# Getting internet to your ps3 or xbox via SWiM setup



## MetalMarine (Feb 19, 2011)

Here is a quick setup if you are needing internet on your ps3 / xbox or even your TV set. I havent had any problems with this setup. no lag on gaming or video chatting. and MRV still works.

Used to be a Directv Service Tech. MRV Connected Home Certified.

Edit: you must have internet going to your swim system for this to work.


----------



## Davenlr (Sep 16, 2006)

I wondered if that would work, but never got around to trying it. Glad to see someone did. Thanks for the info.


----------



## dsw2112 (Jun 13, 2009)

It's all TCP/IP so yeah, "it'll work." Just don't expect D* to support your playstation :lol:

It's also a cheap way to network for those without D*. A broadband DECA at either end of a coax works well for rooms with no ethernet connectivity (but an available coax.) MUCH cheaper than most other solutions.


----------



## sungam (May 10, 2007)

And in this case it introduces an extra 2-way split after an 8-way, which is not recommended.


----------



## dsw2112 (Jun 13, 2009)

sungam said:


> And in this case it introduces an extra 2-way split after an 8-way, which is not recommended.

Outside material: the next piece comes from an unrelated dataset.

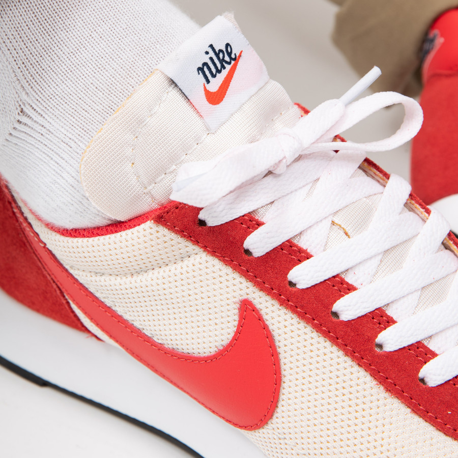 Le dernier arrivage de la Nike Air Tailwind 79 comporte une sneaker bien pimentée. La sneaker qui a effectué ses débuts lors d’un marathon à Honolulu revêt du mesh blanc cassé, du suède et du cuir rouges. Vous constaterez que le Swoosh et le daim ont une nuance écarlate légèrement différente. Enfin, cette Nike Air Tailwind 79 Sail Track Red White Habanero Red possède un logo des années 70 à son talon. Un détail qui fera mouche chez les amoureux des Nike vintage. En vente au prix de 90€ au Nike Store.fr : voir la paire.

It's true that the 2-way will add extra db loss, but there's nothing "not recommended" about adding a 2-way after an 8-way. After all, an HR20-100 needs a 2-way "behind" it to power a Deca. If the option is to cascade off an 8-way then so be it...


----------



## MetalMarine (Feb 19, 2011)

adding the second splitter does not cause a problem. it will give you a lil db loss. but not enough to cause an issue.


----------